- Theatrical release poster
- Directed by: Félix Germán
- Written by: Luis Arambilet Félix Germán
- Produced by: Manuela Germán Carlos Germán Luis Arambilet
- Starring: Mozart La Para Dalisa Alegría Bárbaro Marín Tahimi Alvariño Dominique Telemaque Cyndie Lundy
- Cinematography: Peyi Guzmán
- Edited by: José Germán Ariza
- Music by: Gerson Arvelo Isidro Bobadilla
- Production company: Mafe Films
- Release date: November 21, 2024;
- Running time: 93 minutes
- Country: Dominican Republic
- Languages: Spanish Haitian Creole

= El Tiburón =

El Tiburón (lit. 'The Shark') is a 2024 Dominican survival tragicomedy film co-written and directed by Félix Germán. It follows three Caribbean couples who embark on a quest for the American dream across the sea, facing a storm and a shark.
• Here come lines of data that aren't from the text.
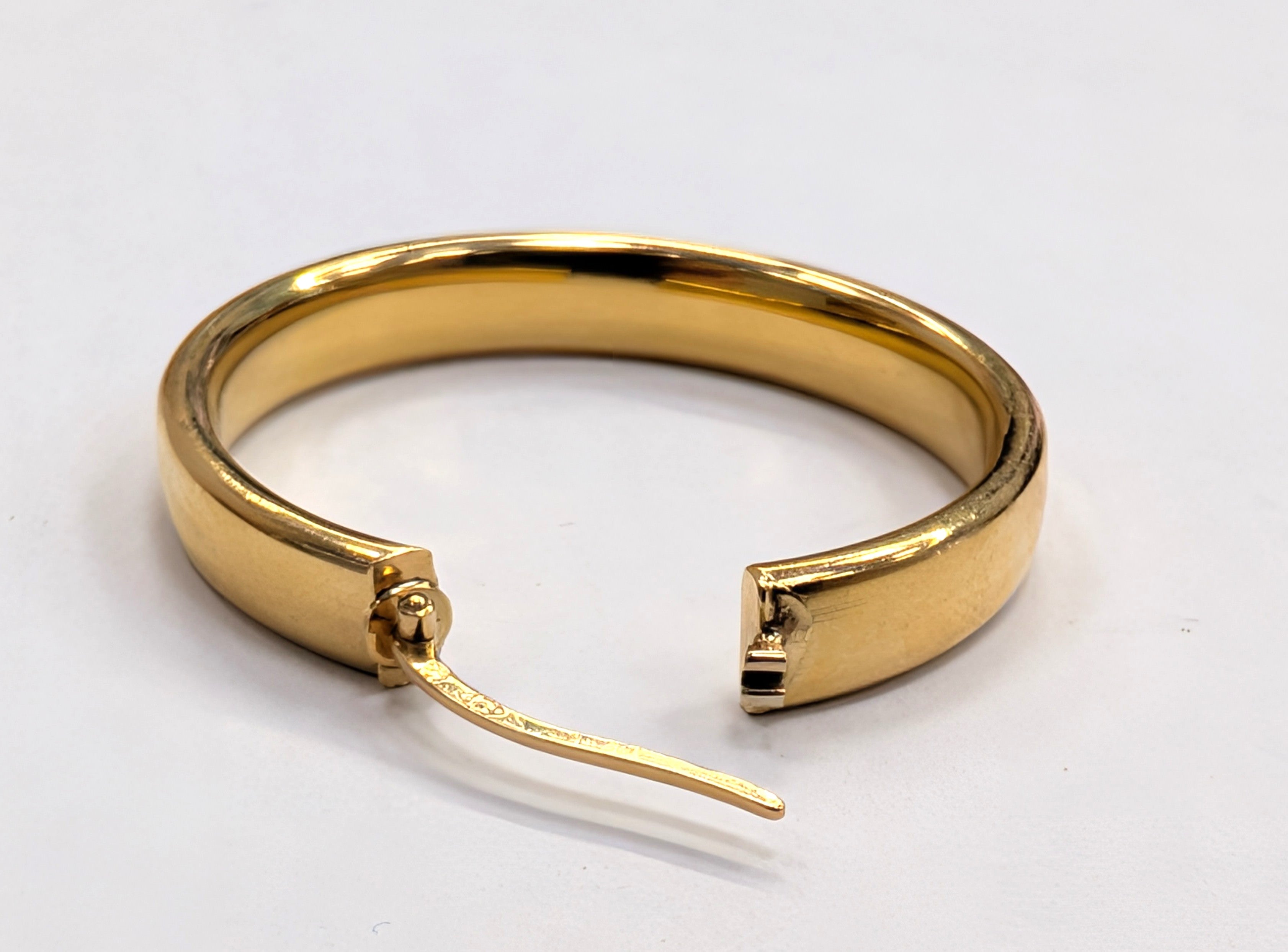 Boucles d'oreilles de type créoles et demi-créoles en or jaune 750/1000 (18 carats), avec fermoirs à cliquets. Elles sont poinçonnées « Tête d’Aigle » et affichent un poids de 5,85 g. Dimensions : 32 mm de hauteur, 30 mm de largeur et 4,72 mm d’épaisseur. Modèle sans pierre, en très bon état.
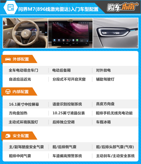 问界M7(896线激光雷达)入门车型的配置表现可圈可点,配备了大量实用性与舒适性功能,如全车电动吸合车门、电动后备厢、后排独立空调以及车载冰箱等均为标配,不仅能够满足日常用车需求,还有效提升了高级感,所以成为了本次的推荐车型。
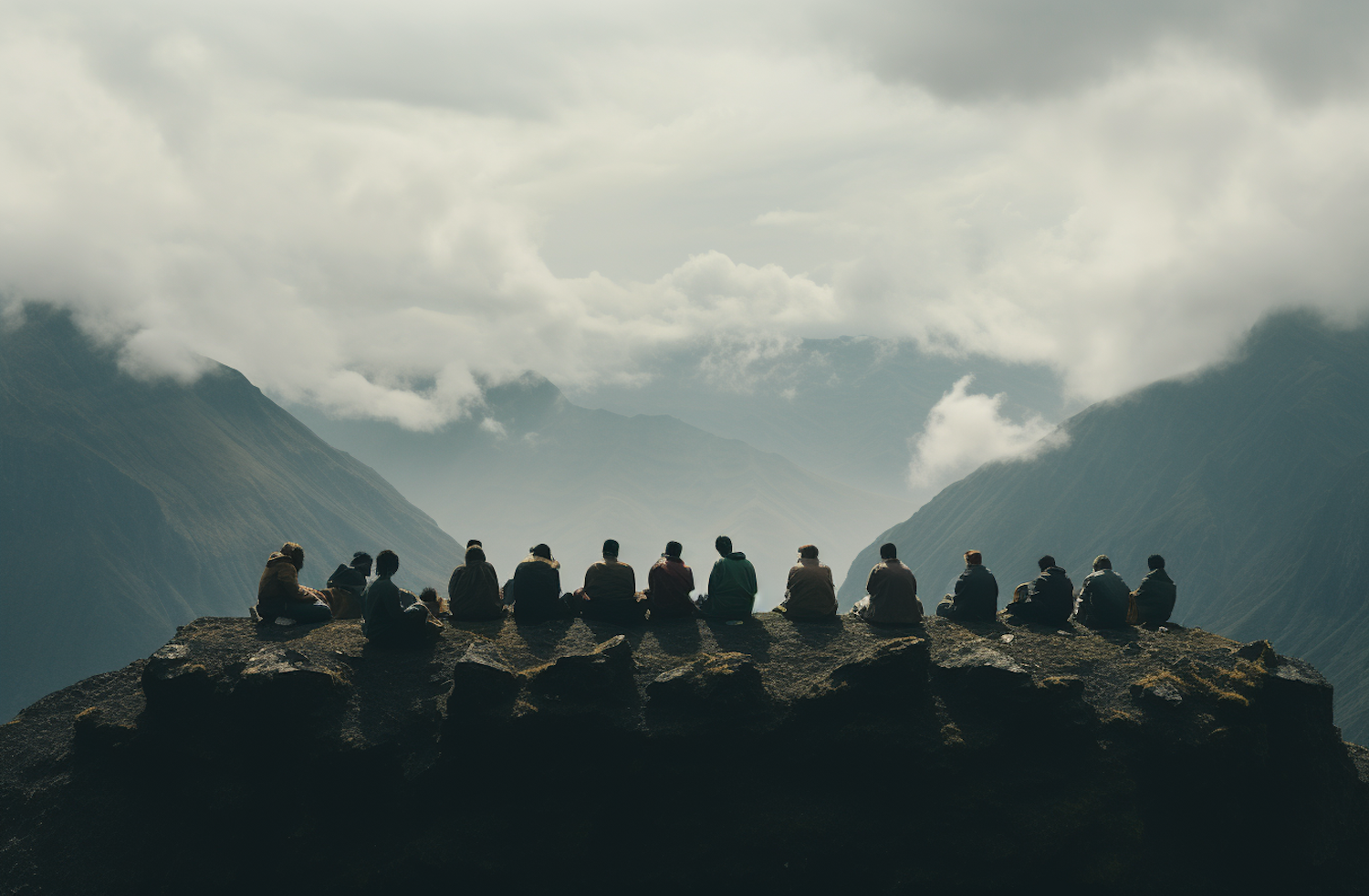 A group of people sit on a cliff edge, overlooking misty mountains under a cloudy sky, creating a serene and contemplative scene.
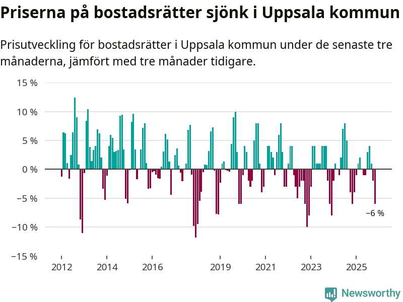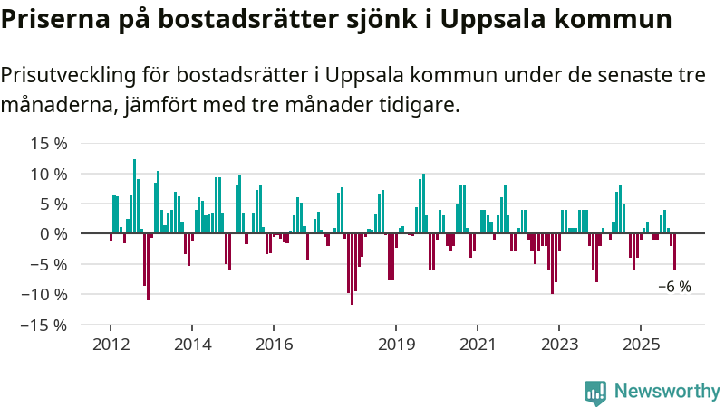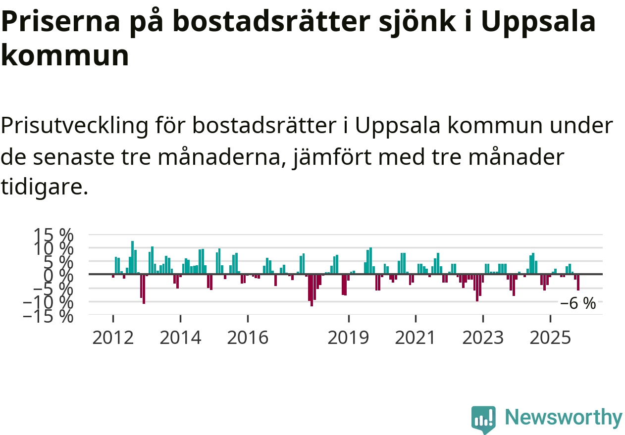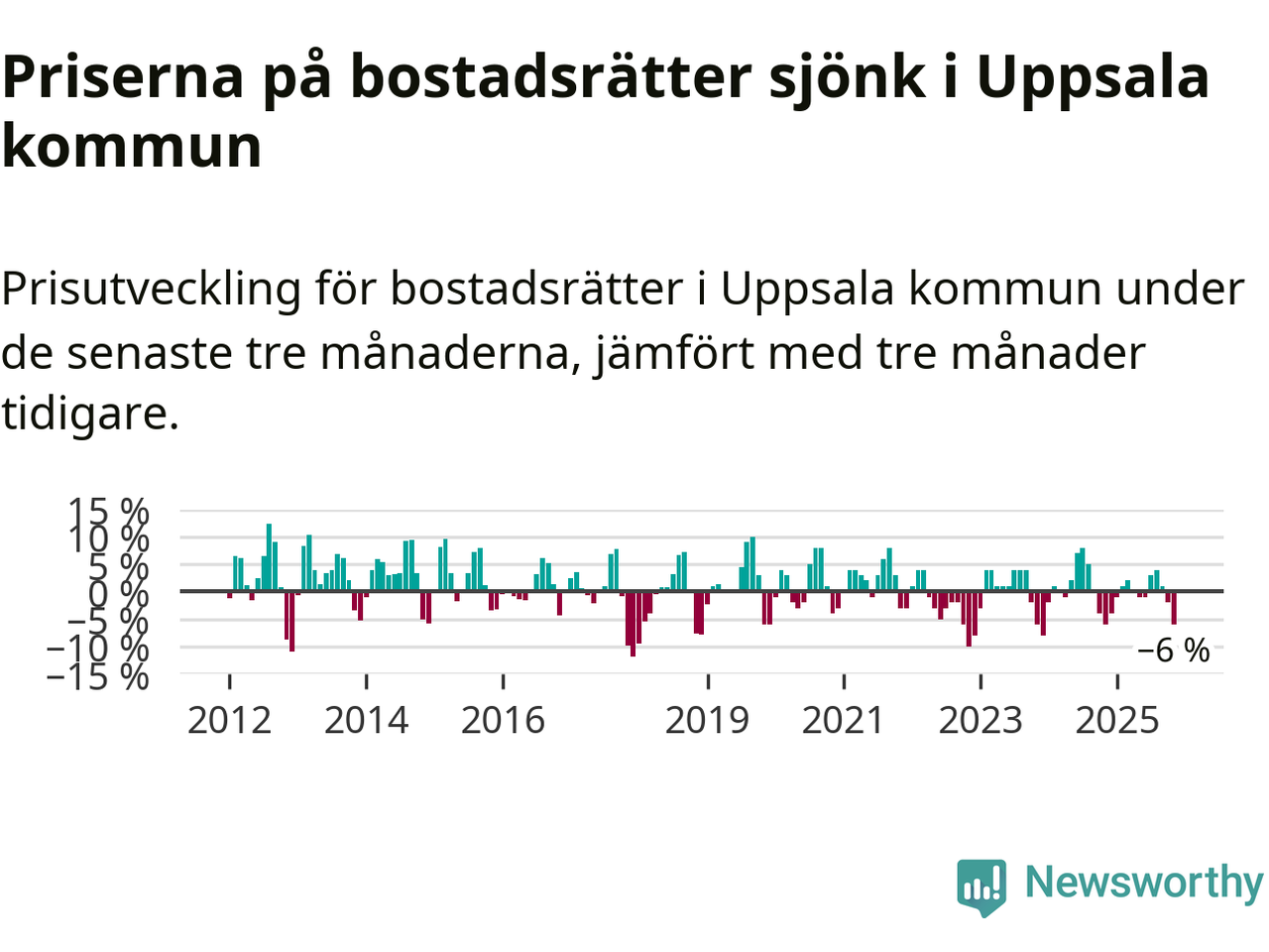 Priserna på bostadsrätter har gått ner i Uppsala kommun. Medelpriset på försäljningarna under de senaste tre månaderna visar på en nedgång med 6 procent.
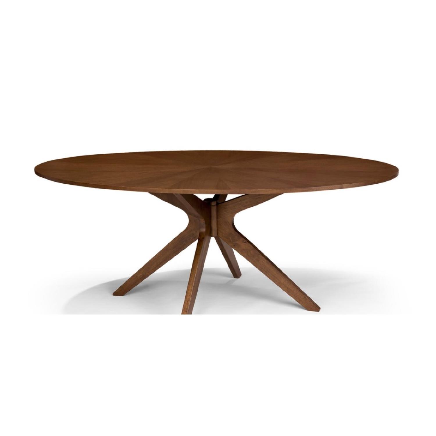 Seller's Notes:Few scratches, otherwise perfect condition - less than 1 year old Big, luxurious and versatile make up the characteristics of the Conan dining table. A stunning sunburst wood veneer top adds glamour while its dynamic centered leg design lends it a wonderful sculptural feel. CONSTRUCTION STYLE/TYPE Mid century modern oval wood dining table GENERAL DIMENSIONS 29"H x 75"W x 43.5"D WEIGHT (LBS) 68 WOOD STAIN Walnut MATERIALS Solid Rubber wood legs with an Ash veneer SKU NO. SKU45 FEATURES Constructed of solid wood and wood veneer in a Walnut stain Ideal for everyday use as well as throwing dinner parties Seats six Some assembly required (approximately 45 minutes)
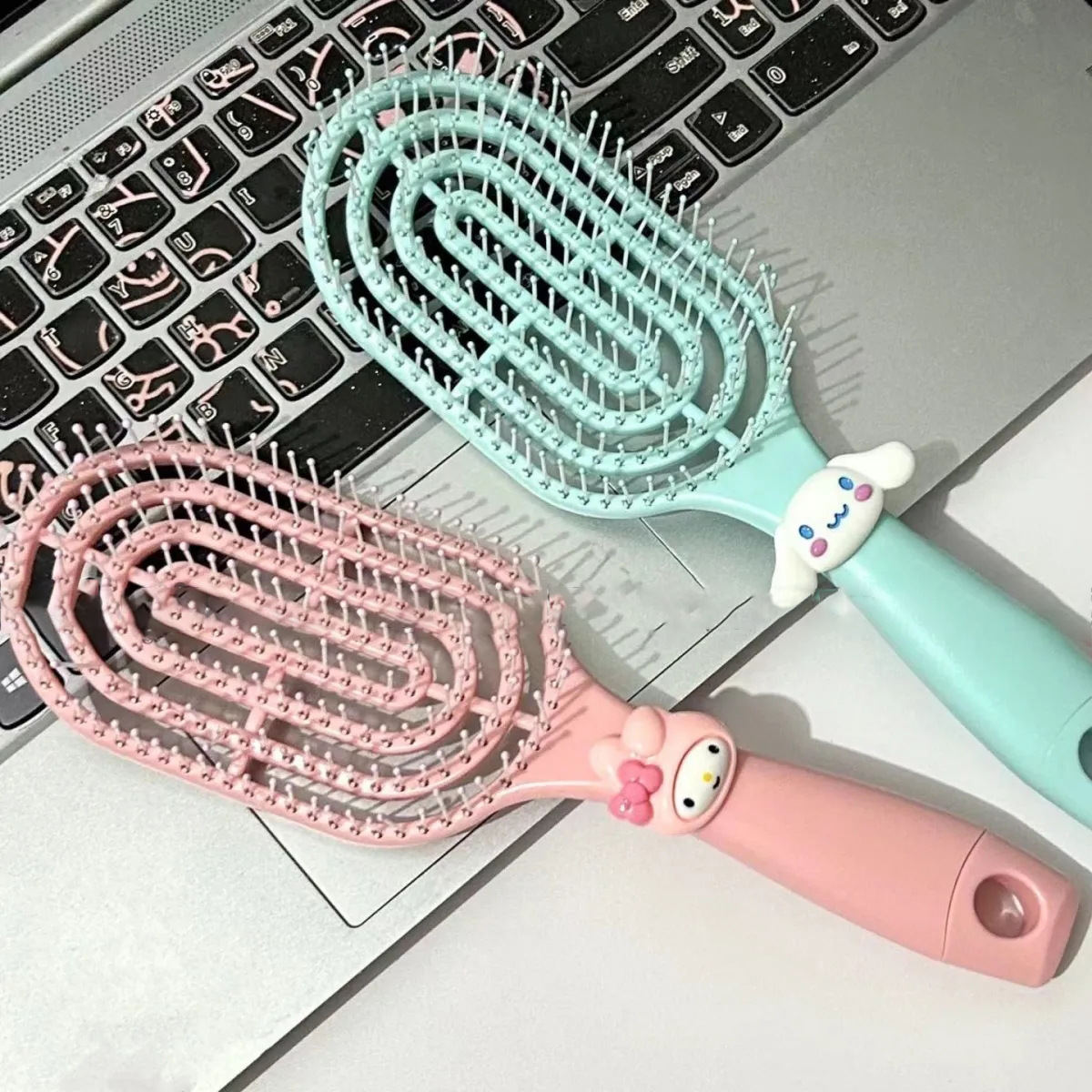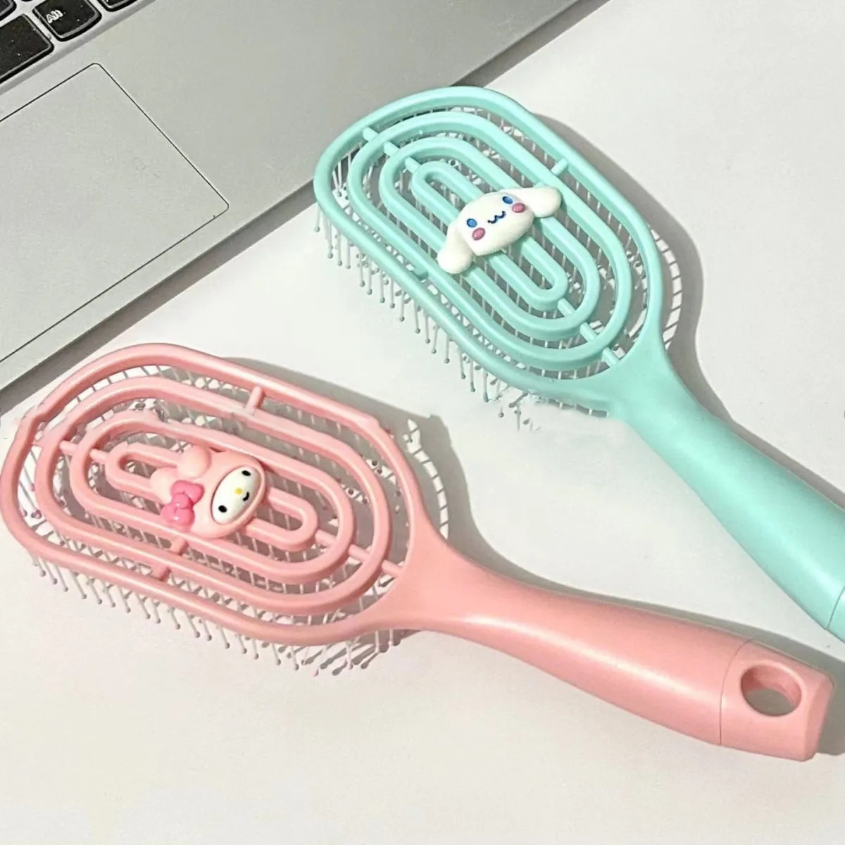 创意三丽鸥镂空按摩梳子女蓬松造型排骨梳长柄骨梳学生气囊梳子
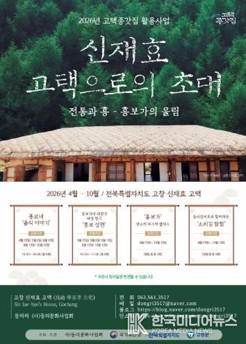 [ 한국미디어뉴스 이종철 기자 ] 고창군이 (사)동리문화사업회와 국가유산청 고택·종갓집 활용사업으로 ‘신재효 고택으로의 초대’를 고창 신재효 고택과 판소리공원 일대에서 오는 25일부터 10월까지 본격 운영한다고 밝혔다.

It stars Mozart La Para, Dalisa Alegría, Bárbaro Marín, Tahimi Alvariño, Dominique Telemaque and Cyndie Lundy.
== Synopsis ==
Three couples from different countries (Cuba, the Dominican Republic, and Haiti) embark on a dangerous sea voyage to Miami in search of a better life. However, along the way, they face a dangerous shark and storms that will test their strength and unity.

== Cast ==

- Mozart La Para as Dey
- Dalisa Alegría as Doris
- Bárbaro Marín as Viktor
- Tahimi Alvariño as Nadia
- Dominique Telemaque as Ogé
- Cyndie Lundy as Ganne
- Toussaint Merionne as Gang Boss
- Víctor Ramírez as Captain
- Andrés Curbelo

== Production ==
Principal photography took place in January 2023 in Havana, Cuba, and the Dominican Republic.

== Release ==
El Tiburón premiered on November 21, 2024, in Dominican theaters. It was later released on August 14, 2025, in Puerto Rican theaters.